• **Work to complete**: Look below for the line that contains "This is a M1910" and the line that contains "Emily Cruz likewise", then restate both of them and every line in between, exactly. No picture goes in the copy.

╔══

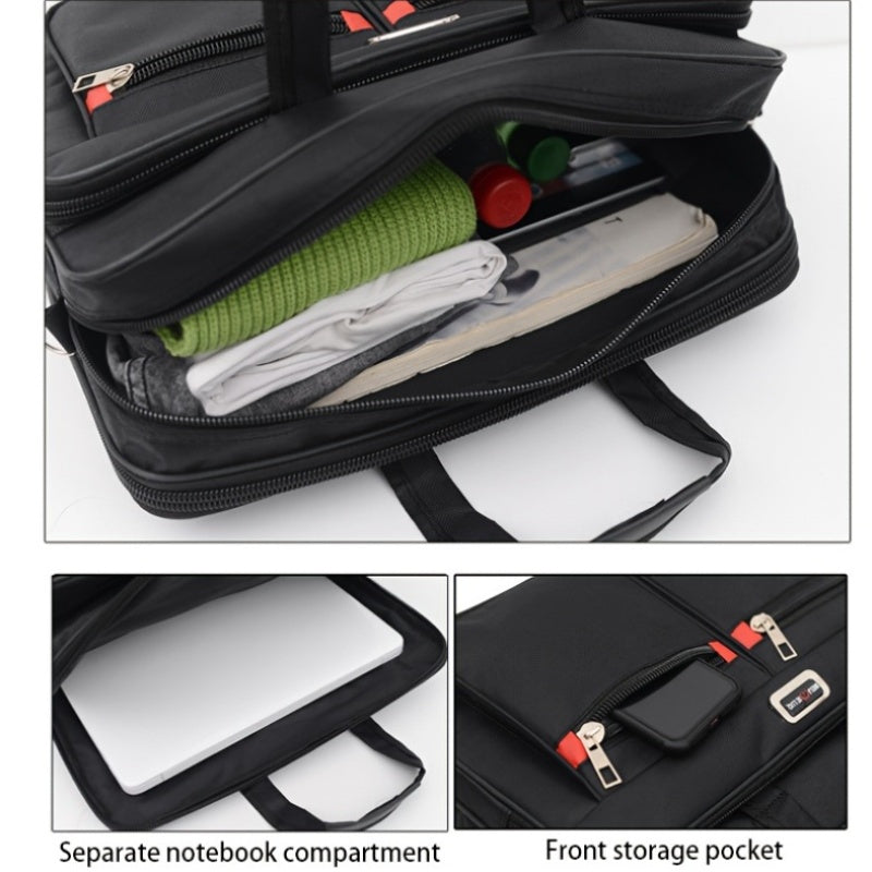 Erkaklar uchun ko'p funksiyali biznes sumkasi, tasodifiy sumka va kesma variantlari bilan, katta sig'im, polyester astar bilan mustahkam mato material, biznes va tasodifiy foydalanish uchun bir nechta cho'ntaklar.
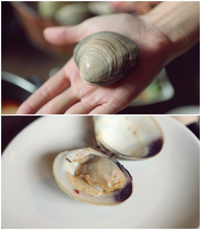 | 超級大顆的牛奶貝,放在手掌心都快跟手掌心一樣大了,大口吃下牛奶貝非常過癮,蛋是牛奶貝吃起來似乎比較鹹了一點,不過無損它的新鮮跟美味。 |
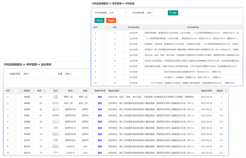 根据实际情况和需求,制定医院内部相应的医德医风考评标准,包括评分标准内容、加减分情况、评分标准类型等方面。
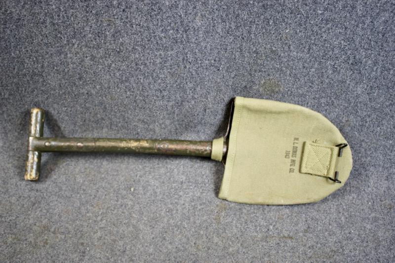 This is a M1910 intrenching tool which comes with a mint example of a M1928 carrier, which is maker marked W.L.DUMAS MFG.Co and dated 1943
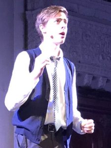 Emily Cruz likewise got inside of her character completely, believably; a pleasure to watch. And Violet Gautreau–what a pistol she is on stage; I love her energy and comic timing–made every moment count, playing multiple roles. I watched her and I was thinking, “Where was she when I was casting my Off-Broadway show “One Night with Fanny Brice”? She has the moxie and brass and presence to carry it off. (I talked to her for a minute after the show–she was in high school in Chappaqua, doing a production of Seth Rudetsky’s musical, “Disaster.”) And I liked Grace Huegel’s drive. If I mention everyone, we’ll be here all day. But I had a great time. And the students made good use of a simple by effective set (designed by William Alvarado) that wisely gave them two levels to work on, so one scene could be played against another…. There were some minor missteps, of the sort always found in college productions. (If you’re moving furniture onstage, make sure the wheels are well-oiled, or sliders are in place, to minimize distracting noises; and try not to move anything when someone else is singing; the pianist can vamp till ready.)
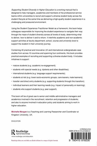 Supporting Student Diversity in Higher Education is a working manual that is designed to help managers, academics and members of the professional service teams within universities, recruit and support a diverse student body across the student lifecycle at the same time as delivering a quality student experience in a challenging and pressured environment. Using the Student Experience Practitioner Model as a framework, this book helps colleagues responsible for improving the student experience navigate their way through the maze of student diversity across all levels of study, determining what to deliver, how to deliver it and to whom. It interlinks academic, welfare and support activities at faculty department, school, course and university level to support the student in their university journey. Containing 40 practical and innovative undergraduate UK and international case studies from across 12 countries spanning four continents, this book provides practical examples of recruiting and supporting a diverse student body. It includes initiatives to support: mature students (e.g. academic re-engagement); students with special needs (e.g. dyslexia and other disabilities); international students (e.g. language support requirements); students at risk (e.g. lower socio-economic groups, care leavers, male learners); Transfer and direct entry students (e.g. supporting students through this transition); individual learners and their learning needs (impact of personality on learning); students who support students (e.g. peer support). This book will be of great use to senior and middle administrative managers and academics involved in the recruitment, retention and progression of students; and also to anyone involved in education policy and students aiming to work in higher education.
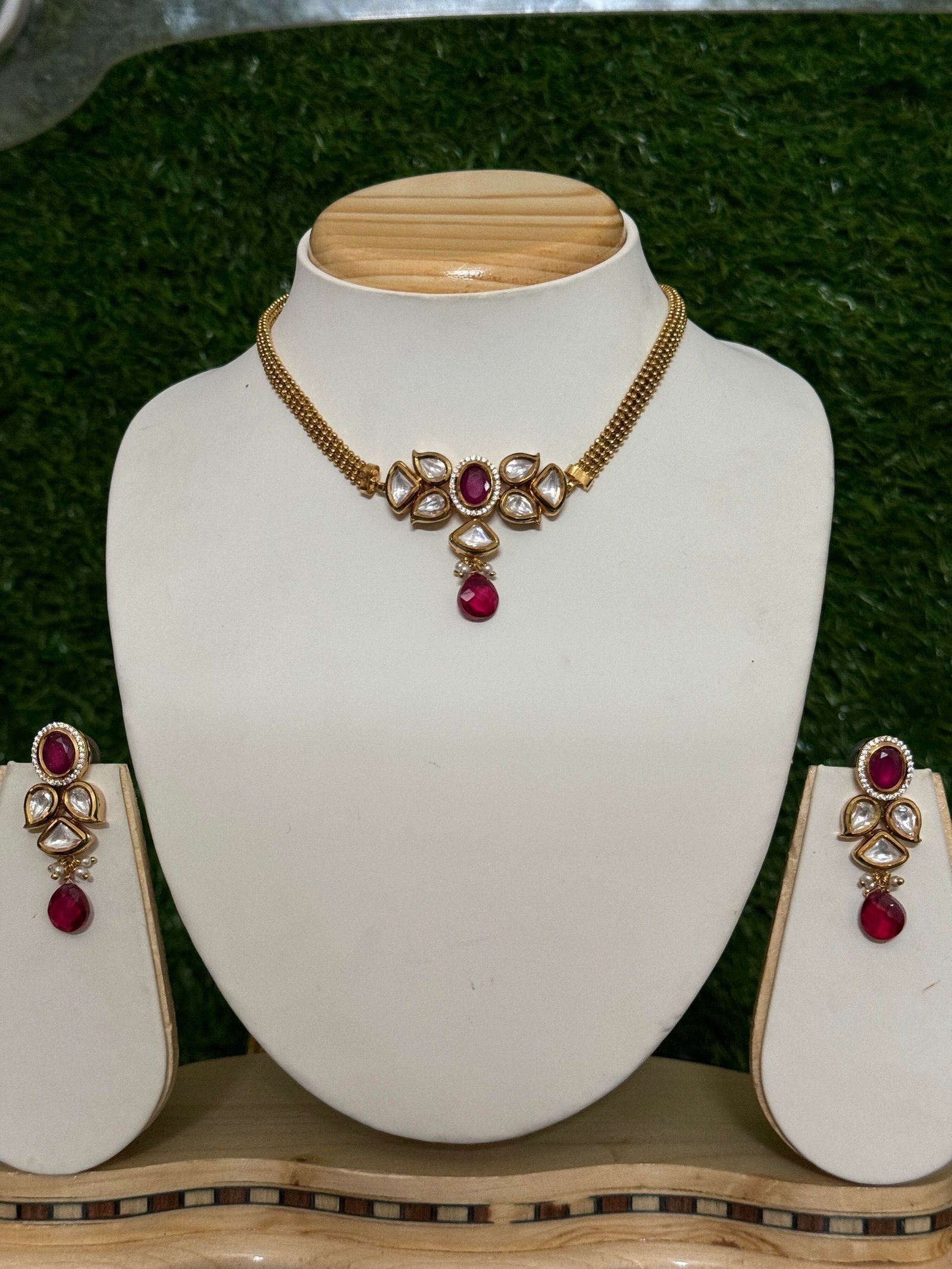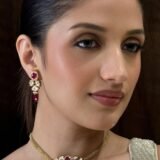 – Earrings Design: The earrings mirror the choker’s design, featuring a harmonious blend of kundan stones and a central red gemstone. The drop design adds a subtle movement and grace to the earrings, creating a perfect match to the choker.
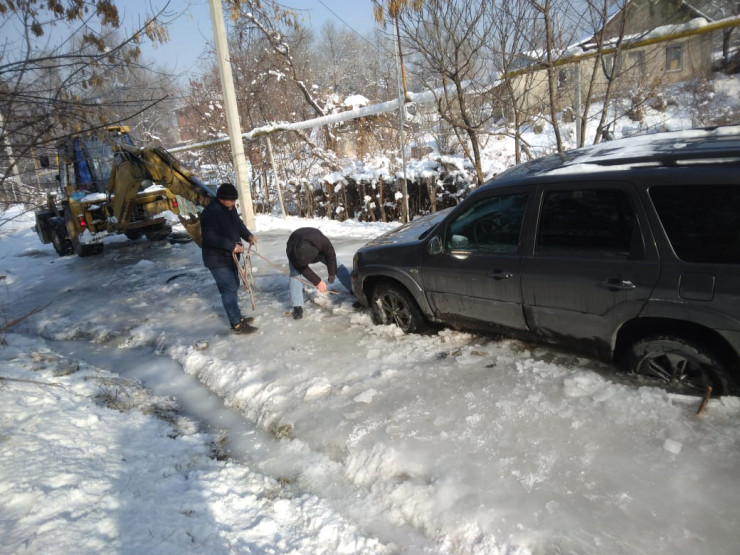 — Поселок Белбулак, улица Пушкина, не доезжая до Алтынсарина. Здесь у нас такая проблема, причем эта проблема не первый год. На протяжении 10 лет все время идет вода из канала. Когда сильные холода, она замерзает и выходит, соответственно, на улицы и топит наши дома. Здесь не то что проехать, даже ходить невозможно. Посмотрите, КамАЗ не может вытащить машину. Машина уже с ночи стоит, ее отапливают. Если не решите проблему, то даже не знаю уже, к кому обращаться, — сообщает один из местных жителей на видео.

╚══

• **Output below**:
 This is a M1910 intrenching tool which comes with a mint example of a M1928 carrier, which is maker marked W.L.DUMAS MFG.Co and dated 1943
 Emily Cruz likewise got inside of her character completely, believably; a pleasure to watch. And Violet Gautreau–what a pistol she is on stage; I love her energy and comic timing–made every moment count, playing multiple roles. I watched her and I was thinking, “Where was she when I was casting my Off-Broadway show “One Night with Fanny Brice”? She has the moxie and brass and presence to carry it off. (I talked to her for a minute after the show–she was in high school in Chappaqua, doing a production of Seth Rudetsky’s musical, “Disaster.”) And I liked Grace Huegel’s drive. If I mention everyone, we’ll be here all day. But I had a great time. And the students made good use of a simple by effective set (designed by William Alvarado) that wisely gave them two levels to work on, so one scene could be played against another…. There were some minor missteps, of the sort always found in college productions. (If you’re moving furniture onstage, make sure the wheels are well-oiled, or sliders are in place, to minimize distracting noises; and try not to move anything when someone else is singing; the pianist can vamp till ready.)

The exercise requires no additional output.